Amin Hafiz, the Syrian president in 1963, claimed that he had a solid plan that would defeat Israel in three days. Nasser, to his credit, was more cautious and stressed that planning for the liberation of Palestine required years of careful consideration.

But he also was ill-prepared and made fateful decisions (such as being dragged into the war in Yemen, appointing the notoriously incompetent Abdul-Hakim Amir as commander of the Egyptian forces, and allowing himself to be pushed by Jordan and Syria in 1967 into taking uncalculated risks that produced the eventual defeat).

Watershed moment

Arabs in general drew distinctions influenced by Nasser's political rhetoric between "progressive Arab regimes" and "reactionary Arab regimes" - the "tails of colonial powers", as Nasser called them.

That distinction was buried in June 1967 during the Six Day War,a watershed event in Arab history. All the hopes that were pinned on Nasser and the Baathist socialist ideology were dashed. It would be fair to say that Arab summits never mattered after that day—at least as far as the Arab people are concerned.

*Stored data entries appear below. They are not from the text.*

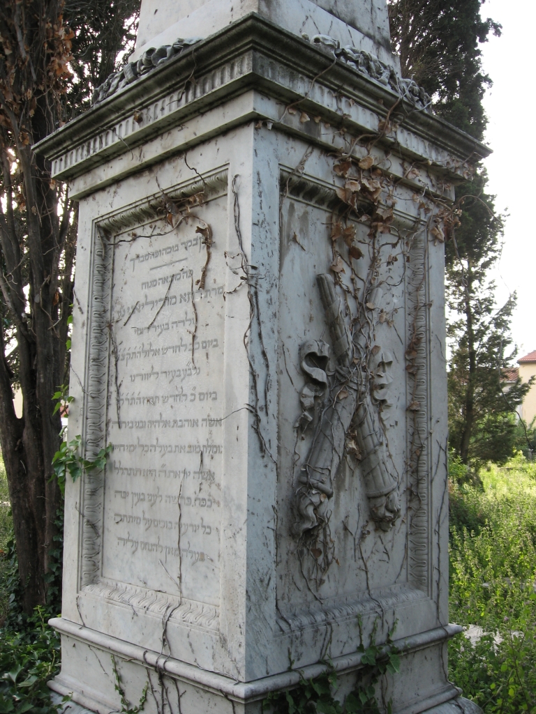 - ISCRIZIONI occupa tutta la specchiatura anteriore - QUI SI NASCOSE / IL FRANCO E BEL VOLTO / DI / ROSINA MODIGLIANI / LE CUI V IRTU' LETIZIARONO / AMATA E RIAMANTE FAMIGLIA / E SOLLEVARONO / LE MISERIE DEL POVERO / FECE PER XXV ANNI / DOLCE ED INVIDIABILE / LA VITA AL MARITO / ALBERTO MODIGLIANI / CHE PERDUTALA / NON HA CONFORTO / NAQUE IN ROMA / IL VI SETTEMBRE MDCCCXXXIII / MORI' IN LIVORNO / IL XXX GIUGNO MDCCCLXXVII - caratteri ebraici -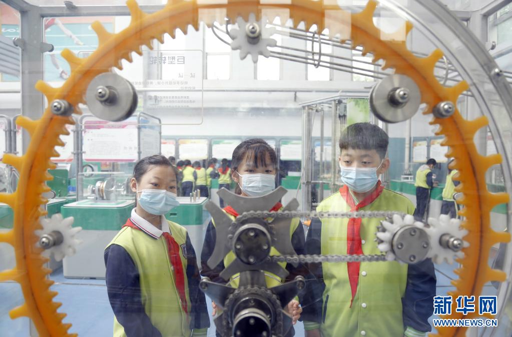 4月23日,学生在邢台市襄都区“流动科技馆”里体验“巨型转轮”。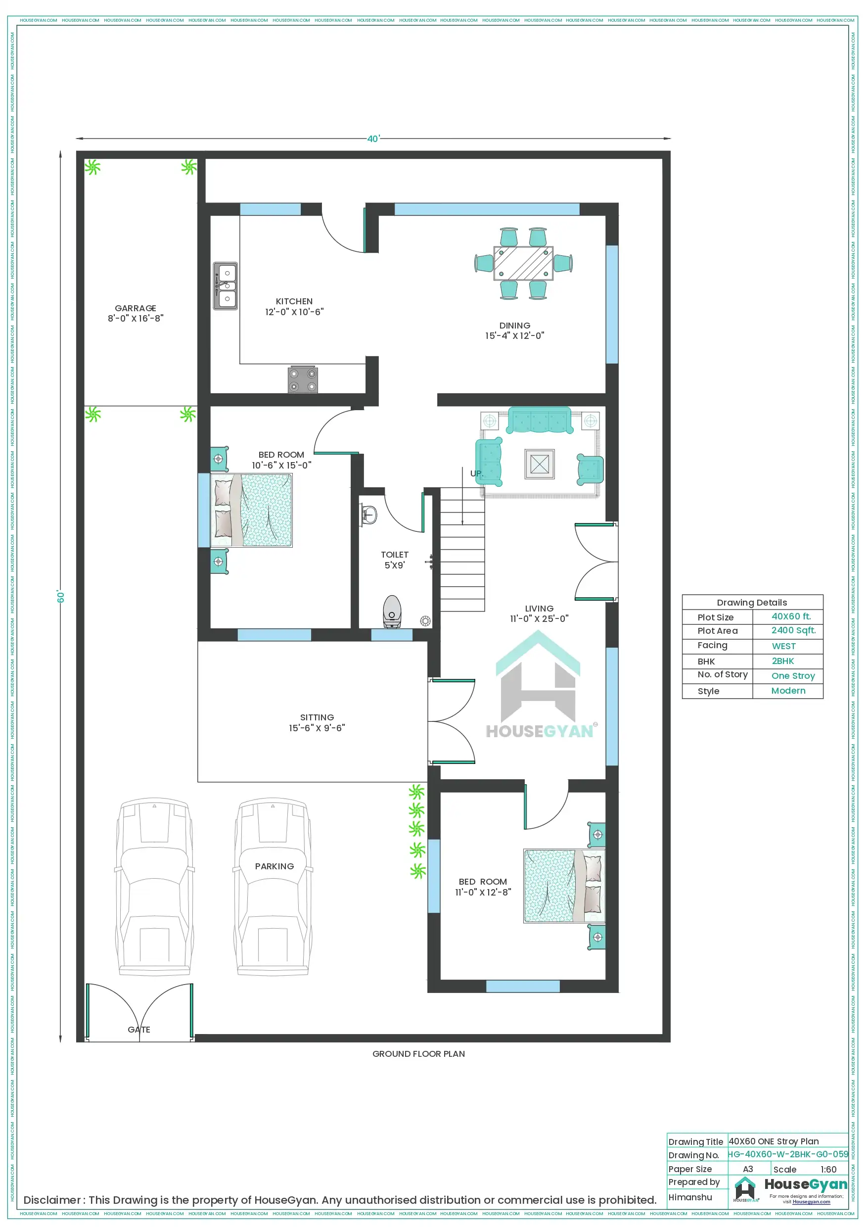 40X60 West Facing 2BHK Ground Floor House Plan | 2400 Sqft Plot Floor Plan

No more was the distinction made between the two camps in Arab politics relevant to the Arab people. Both had failed in fulfilling their promises.

Arab leaders continued to meet in irregular summits. But no one was paying attention anymore. No one expected Arab leaders to confront Israel when it invaded Lebanon in 1982, or when it attacked Gaza in December 2008,or when it attacked Lebanon in 2006, or when the US attacked Iraq - twice.

Arab leaders now meet for a variety of reasons that have nothing to do with the aspirations of the Arab people or dreams of Arab unity.They meet first and foremost to bestow the honour of hosting the summit on one another.

Every year, an Arab ruler and country play host to the summit. That carries with it a certain degree of formal prestige. The leader of that country receives more visitors and dignitaries than usual and is seen on his state TV receiving heads of state, and representatives of international organisations.

Impression of business

Secondly, Arab leaders often meet in order to follow US dictates.

Hosni Mubarak,the Egyptian president, hastily arranged an Arab League meeting in Cairo in the summer of 1990 in order to prevent an Arab consensus from developing  to resolve the crisis created by the Iraqi invasion of Kuwait, because the US was pursuing its own agenda to expel Saddam's army, and to project its power in the region.

The Arab summit in Beirut in 2002 was also an attempt (largely by Saudi Arabia, but also by other Arab governments as well) to fend off the wrath of the Bush administration in the wake of the September 11 attacks.

Arab leaders have another reason to meet. They like to project an impression of business; that they are attending to the problems of the people. But at some level, they are well aware that no one is paying attention.

Long flowery statements are still issued by Arab leaders, but they are not read anymore. This is not the age of Nasser. This is the era of ageing Arab leaders (or their sons) who lack charisma and popularity.

This is the age of US dominance in the Middle East where Arab leaders are given little room to manoeuvre.

Arab summits were capable of at least rhetorical surprises: the "Three No's" of Khartoum (no to peace with Israel, no to recognition, and no to negotiation) in 1967 are the most famous, but now we know that those governments that officially endorsed the formula were already negotiating secretly with the Israelis.

The US government now keeps a very tight lid over the regimes that it controls.  When King Abdullah, the Saudi monarch, referred to the US occupation in Iraq as "illegitimate" during his opening speech at the Riyadh Arab summit in 2007, a diplomatic crisis ensued and the King has never used that expression since.

The Arab people now are accustomed to gatherings that produce long, tedious documents that no one (except translators at foreign embassies) actually read.

Between watching Syrian and Turkish TV serials, and watching proceedings of Arab summits, the Arab people may be worshipping the remote control. Gone are the days when they were subjected to one state-controlled channel that bombarded them with speeches and daily movements of the "dear Arab leader".